- **Required work**:
Emit a verbatim copy of the lines below from the line with "Lämmitä pannu kuumaksi" through the line with "12月26日,中國第35次南極科學考察隊內(nèi)陸隊(泰山隊和昆侖隊)隊員在泰山站主體建筑前升國旗合影。 新華社記者 劉詩平", excluding pictures and everything outside that range.

- **Records provided**:

=======

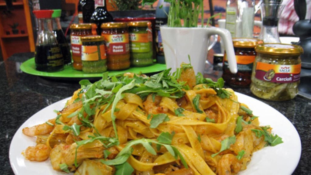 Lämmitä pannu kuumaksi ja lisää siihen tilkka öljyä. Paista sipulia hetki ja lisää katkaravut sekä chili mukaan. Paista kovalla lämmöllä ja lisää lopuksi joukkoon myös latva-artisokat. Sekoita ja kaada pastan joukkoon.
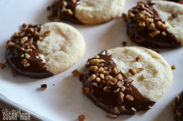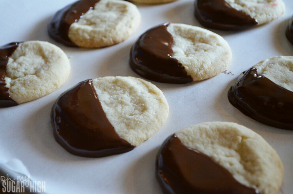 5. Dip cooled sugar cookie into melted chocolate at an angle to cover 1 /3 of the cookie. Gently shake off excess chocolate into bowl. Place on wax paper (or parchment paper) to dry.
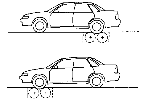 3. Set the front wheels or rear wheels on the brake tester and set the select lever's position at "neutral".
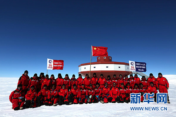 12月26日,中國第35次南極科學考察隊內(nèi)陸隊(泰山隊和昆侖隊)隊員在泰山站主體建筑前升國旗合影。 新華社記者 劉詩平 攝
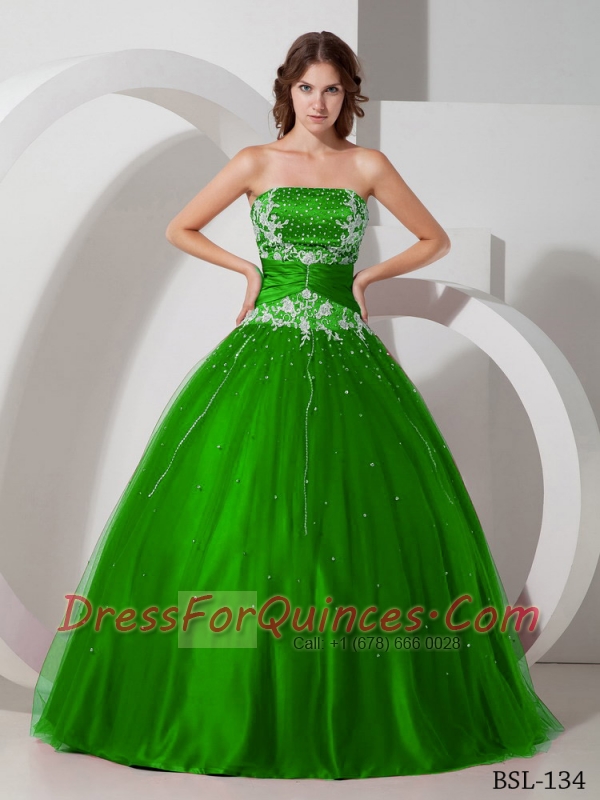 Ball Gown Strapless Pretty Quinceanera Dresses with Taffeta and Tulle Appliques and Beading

=======

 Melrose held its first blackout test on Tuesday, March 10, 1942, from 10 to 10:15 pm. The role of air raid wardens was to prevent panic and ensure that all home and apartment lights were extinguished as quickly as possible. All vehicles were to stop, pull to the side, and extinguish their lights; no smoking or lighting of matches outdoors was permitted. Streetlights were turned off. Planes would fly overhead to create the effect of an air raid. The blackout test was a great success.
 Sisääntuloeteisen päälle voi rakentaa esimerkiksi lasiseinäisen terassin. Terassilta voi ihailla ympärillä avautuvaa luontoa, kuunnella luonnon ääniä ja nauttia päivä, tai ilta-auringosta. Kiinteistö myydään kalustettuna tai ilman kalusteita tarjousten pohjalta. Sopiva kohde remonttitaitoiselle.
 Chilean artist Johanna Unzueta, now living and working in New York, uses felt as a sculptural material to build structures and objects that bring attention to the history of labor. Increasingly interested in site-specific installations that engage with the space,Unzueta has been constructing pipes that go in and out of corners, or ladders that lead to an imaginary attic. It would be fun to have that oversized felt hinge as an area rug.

=======

- **Exercise answer**:
 Lämmitä pannu kuumaksi ja lisää siihen tilkka öljyä. Paista sipulia hetki ja lisää katkaravut sekä chili mukaan. Paista kovalla lämmöllä ja lisää lopuksi joukkoon myös latva-artisokat. Sekoita ja kaada pastan joukkoon.
 5. Dip cooled sugar cookie into melted chocolate at an angle to cover 1 /3 of the cookie. Gently shake off excess chocolate into bowl. Place on wax paper (or parchment paper) to dry.
 3. Set the front wheels or rear wheels on the brake tester and set the select lever's position at "neutral".
 12月26日,中國第35次南極科學考察隊內(nèi)陸隊(泰山隊和昆侖隊)隊員在泰山站主體建筑前升國旗合影。 新華社記者 劉詩平 攝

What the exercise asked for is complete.